Environment
- Software: Aerial-CUDA-Accelerated-RAN (25.03)
- Module: cuMAC (using generate_tv.py for cell/MAC scheduling HDF5 generation)
- Hardware Setup: DU (cuPHY + testMAC) – RU Emulator
- Status: Successfully validated the full 4T4R flow. Now attempting to scale to 64T64R.
Symptoms
While the 4T4R configuration works flawlessly, transitioning to 64T64R by setting --ant 64 and updating nBsAntConst = 64 in examples/parameters.h leads to the following critical failures:
Subband SINR Kernel Launch Failure (blockDim=0):
In multiCellSinrCal.cu, the launch configuration calculation leads to an invalid value for Massive MIMO:
// multiCellSinrCal.cu
nMaxUeSinrCalPerRnd = floor(1024 / (64 * 64)); // Result: 0
numThrdPerBlk = 4096 * 0; // Result: 0
This causes cuLaunchKernel to return CUDA_ERROR_INVALID_VALUE. The current implementation’s assumption (one UE per nBsAnt^2 threads within a 1024-thread limit) is architecturally incompatible with 64T64R.
Hard-coded CPU LUTs:
The MCS/Layer selection logic in the CPU path appears to be strictly tuned for 4T4R, throwing exceptions when 64 antennas are defined.
What we have checked
- Confirmed that 4T4R Test Vectors (TV) generated by generate_tv.py pass the RU-cuPHY-testMAC integration test.
- Identified that the current multiCellSinrCal kernel relies on Shared Memory and thread synchronization that cannot scale beyond 1024 threads, making 64x64 matrix inversion impossible in the current block structure.

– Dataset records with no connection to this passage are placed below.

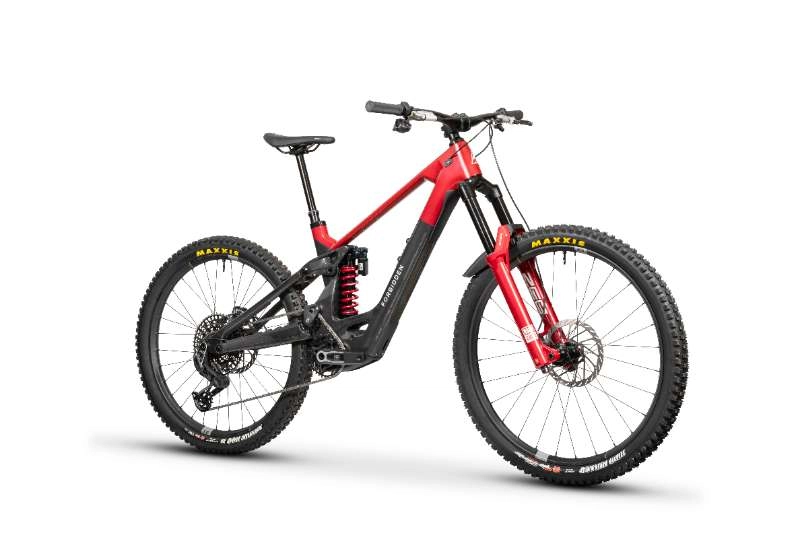 Le Dreadnought E Tier 1 représente le sommet absolu de la gamme Forbidden pour 2026. Sur une base commune à tous les Dreadnought E — cadre full carbone, cinématique Trifecta V2 High Pivot, géométrie MX roues mixtes — ce montage reçoit la sélection de composants la plus exigeante disponible.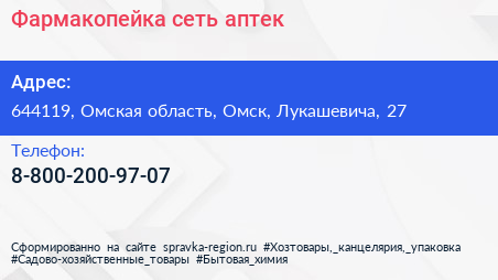 Фармакопейка, сеть аптек по адресу 644119, Омская область, Омск, Лукашевича, 27 в дальнейшем Организация, размещена в следующих категориях: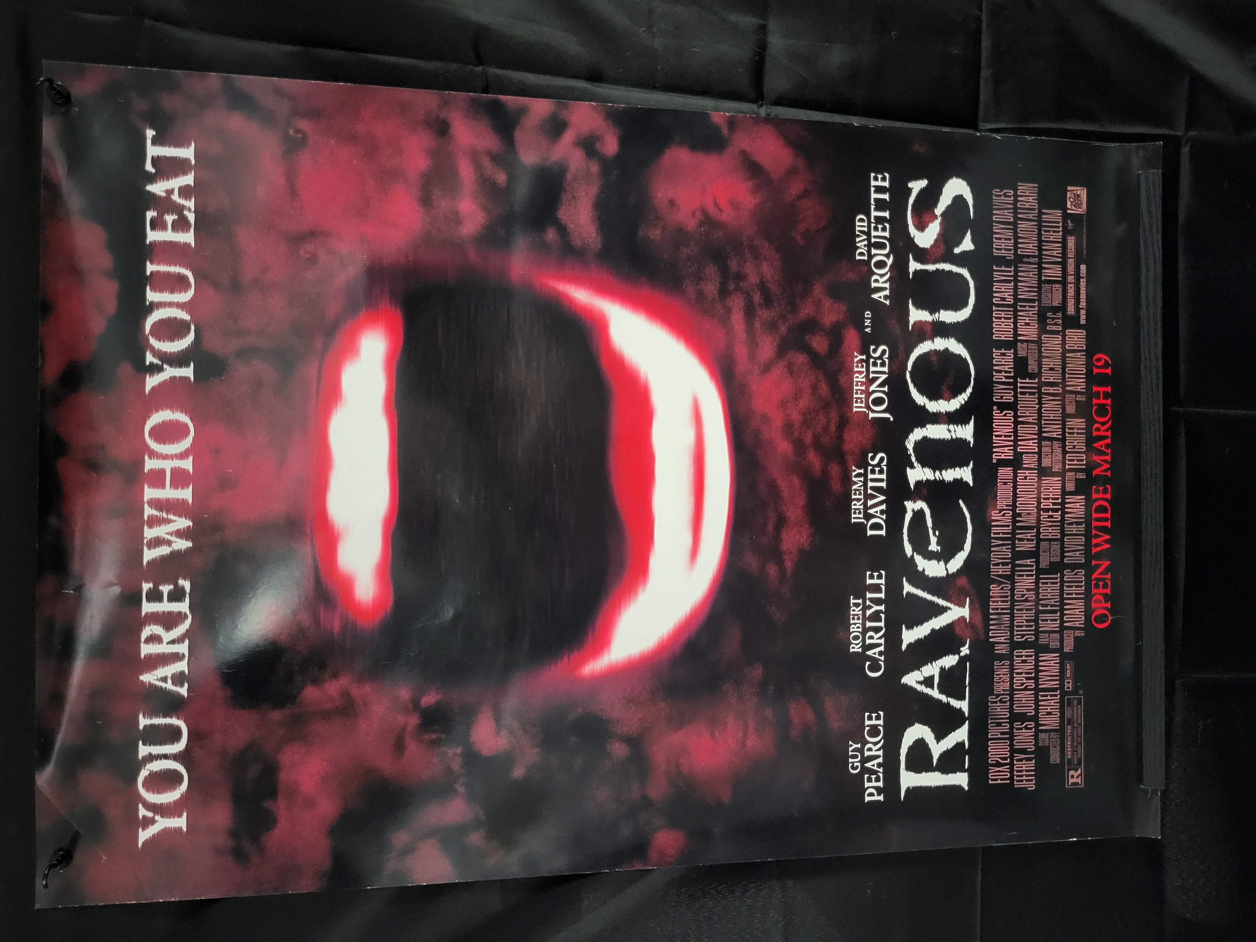 BID PER WHAT YOU SEE IN THE PHOTO, NOT THE AI GENERATED TITLES AND DESCRIPTIONS! This promotional movie poster for the 1999 film Ravenous features a central stylized graphic in white and red set against a dark background of red and black clouds. The poster includes the tagline YOU ARE WHO YOU EAT printed vertically in a white serif font on the left edge. The film title RAVENOUS is displayed in large bold white lettering on the right side. Above the title, the lead cast members Guy Pearce, Robert Carlyle, Jeremy Davies, Jeffrey Jones, and David Arquette are listed. The lower right corner contains a full production billing block, the Fox 2000 Pictures logo, an R rating, and the release text OPEN WIDE MARCH 19 in red. The item is a printed paper poster intended for theatrical promotion.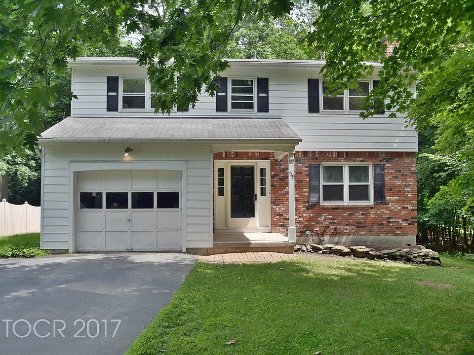 Welcome to this newly updated 4 bdrm, 2.5 bath colonial home in Round Lake Community on .25 park- like level acres. Freshly painted, refinished hardwood floors throughout the first and second floor, updated bathrooms, brand new kitchen appliances and flooring. Great entertaining floor plan! Foyer slate entry invites you into a Formal Living Room with wood burning fireplace, Formal Dining Room and a newer Eat in kitchen adjacent to family room with skylights, recessed lighting and french door leading to a private deck overlooking woods. Guest powder rm and laundry rm complete the first floor. Up the beautiful wood staircase, you will find a spacious master bedroom with his/her closets and full modern bath ensuite. Three additional bedrooms w/ ample closet space and renovated hallway bath provides for a growing family and guests. Plenty of storage in unfinished basement. Enjoy your lake community all year round! EZ commute to NYC via bus, Harriman train station and nearby NYS Thruway. - Basement: Unfinished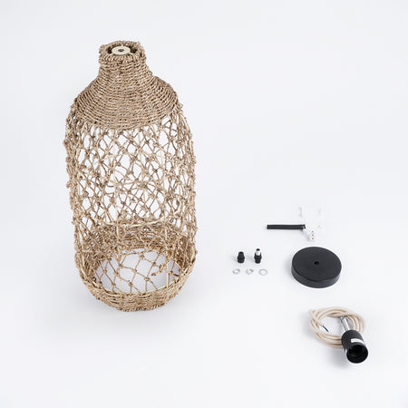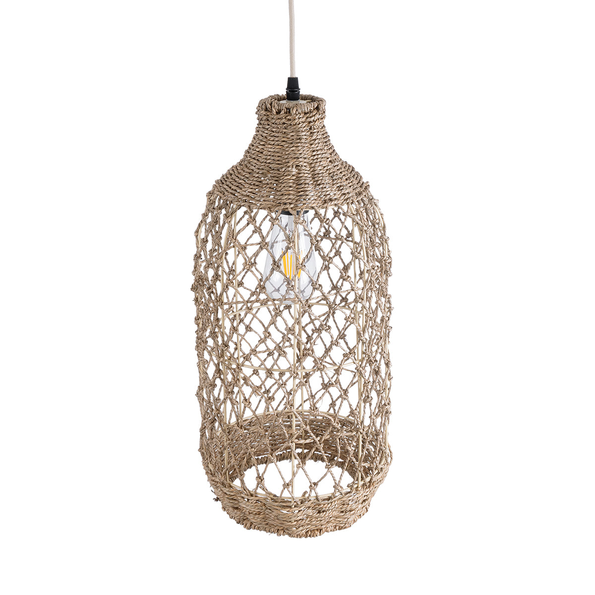 GLOBOSTAR® ECUADOR 02116 Boho Κρεμαστό Φωτιστικό Οροφής με Ντουί 1 x E27 AC 220-240V IP20 - Μπεζ - Μ23 x Π23 x Υ50cm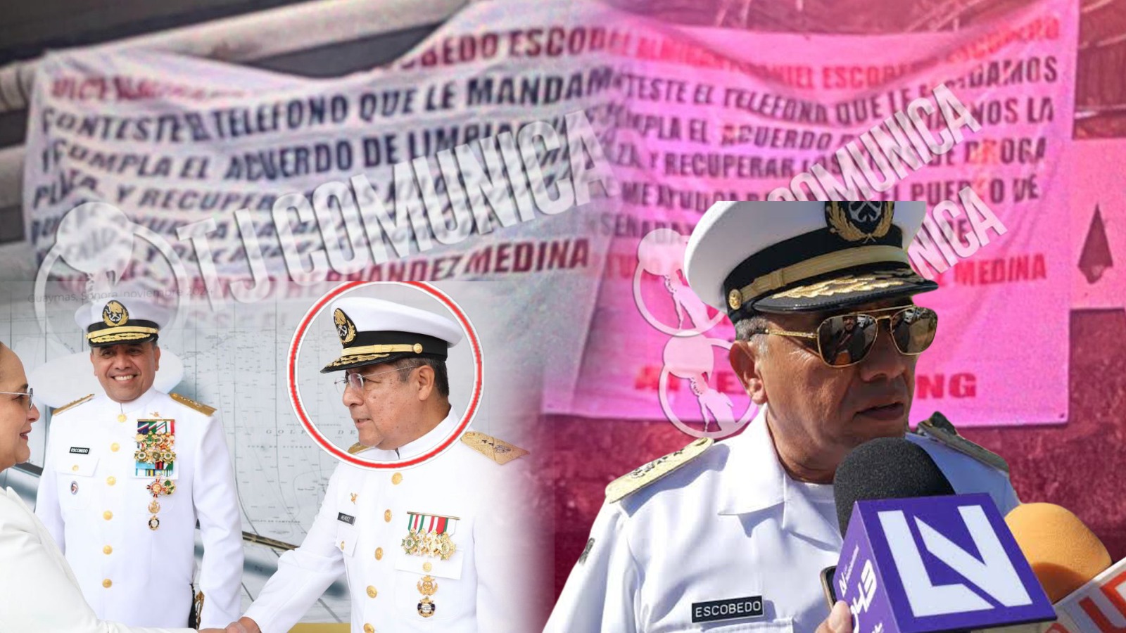 Crimen organizado continúa con reclamos mediante narcomantas; ahora el CJ le exige al vicealmirante de la Marina, Juan Carlos Vera Minjares, encargado del puerto de Ensenada, que conteste el teléfono que le dieron y que cumpla con ayudar a limpiar la plaza y a recuperar los kilos de dr0ga que se robaron.
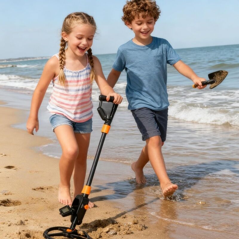 Simple Design:This metal detector for children features one-button operation with a clear LCD display, accurately detecting gold, silver, coins, and other buried treasures-perfect for beach treasure hunts, backyard explorations, and outdoor adventures.

- Noticed that NVIDIA documentation mentions successful 64T64R testMAC tests, which implies a functional TV generation path exists.
Questions / Requests
Official 64T64R TV Generation Path: Does NVIDIA internally use the public cuMAC/generate_tv.py infrastructure to generate 64T64R H5 files? If so, is there a specific branch or a “Massive MIMO” parameter set that resolves the kernel launch and overflow issues?
Massive MIMO Reference Implementation: Is there a plan to update multiCellSinrCal to support 64x64 matrices within the Aerial-CUDA-Accelerated-RAN repository?
Recommended Workaround: For users needing 64T64R TV today, what is the supported procedure? Should we:
- Manually bypass Subband SINR calculation and use Wideband values?
- Use a different toolchain or script not included in the current public release?
- Modify the example code to utilize a multi-block or library-based inversion approach (e.g., cuBLAS/cuSOLVER)?
We are looking for guidance on how to properly generate 64T64R test vectors to continue our RU-DU integration. Any example configurations or specific documentation regarding Massive MIMO TV generation would be highly appreciated.